Pour cela, on effectue un seuillage des passages par zéro.
L’élimination des passages par zéro de faible norme peut s'effectuer par :
- algorithme de seuillage quelconque. (Ex : algorithme de seuillage par hystérésis précédemment décrit pour l'approche gradient.)
- méthodes basée sur le suivi de frontières et sur un calcul local du gradient. Ainsi, les passages par zéro extraits définissent des lignes fermées délimitant les régions de points connexes où le laplacien est positif ou négatif.
Paramétrage du seuillage
Les deux paramètres du seuillage par hystérésis jouent sur la détection des contours. Le seuil bas sert à éliminer le bruit et le seuil haut permet d'écarter les faux contours qui peuvent avoir été détectés.
Ainsi, plus le seuil bas sera faible et le seuil haut élevé, plus il y aura de contours détectés au détriment du bruitée. Il faut donc trouver un compromis.
Pré et post traitements
Pré-traitement
Les filtres larges de type Laplacien sont souvent précédés par des filtres passe-bas (filtres de lissage) à large support car ils sont très sensibles au bruit. Cela facilite le calcul de la dérivée. Pour cette opération, on choisit souvent un filtre gaussien. Or, ce filtre a le défaut de flouter l’image.
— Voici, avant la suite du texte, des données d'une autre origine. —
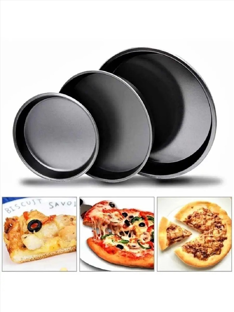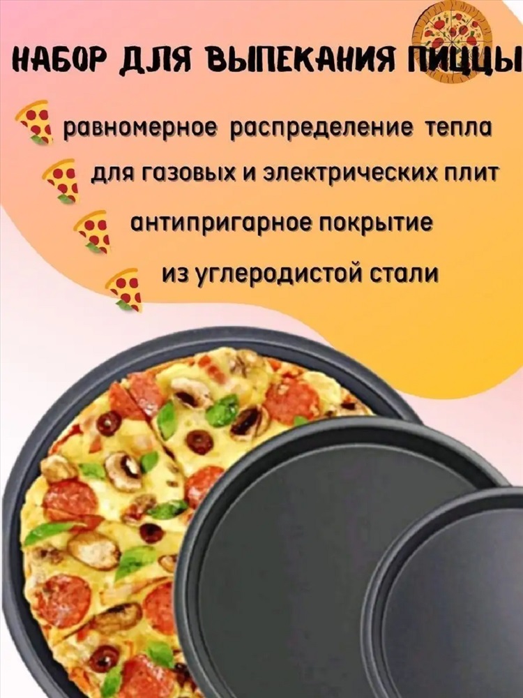 Тип товара: форма для выпечки Круглые формы для пиццы изготовлены из углеродистой стали с антипригарным покрытием. Покрытие экологичное и безопасное для здоровья. В наборе 3шт. Размеры: 26, 29, 32см. Благодаря антипригарному покрытию нет необходимости использовать подсолнечное масло. Пища не пригорает и не прилипает к стенкам, легко достается из формы, сохраняя при этом аккуратный внешний вид. Изделие прослужит долго и обеспечит легкое и удобное приготовление вашей любимой пиццы. Формы разного диаметра позволят приготовить дома вкусную и ароматную пиццу. Особенности: приподнятые края для безопасной пиццы/запеченные хорошо на месте и для легкого захвата, антипригарное покрытие для легкого снятия и быстрой очистки, профессиональная конструкция из весовой стали обеспечивает равномерное нагревание для оптимальных результатов выпечки. Подходят как для газовых, так и для электрических плит.

La plupart du temps il faut donc combiner astucieusement filtre non linéaire et filtre linéaire. On peut aussi restaurer l’image afin d'en compenser les déformations.
Post-traitement
Les filtres passe-bas ou passe-haut peuvent aussi servir de finalisation à un filtrage pour réduire le bruit ou la quantité de détails par exemple.
On peut ensuite passer à l'étape de segmentation qui doit permettre de réaliser une partition de l'image en ensembles connexes homogènes (régions) afin de faciliter leur liaison et d'opérer à une « fermeture des contours ».
Le principe de ces méthodes consiste à prolonger les extrémités des chaînes ouvertes (composantes connexes) générées par l’extraction des points contour.
Pour cela, on va utiliser la direction estimée du contour au point extrémité afin de déterminer les points voisins candidats au prolongement du contour. Il s'agit de ceux perturbant le moins cette direction.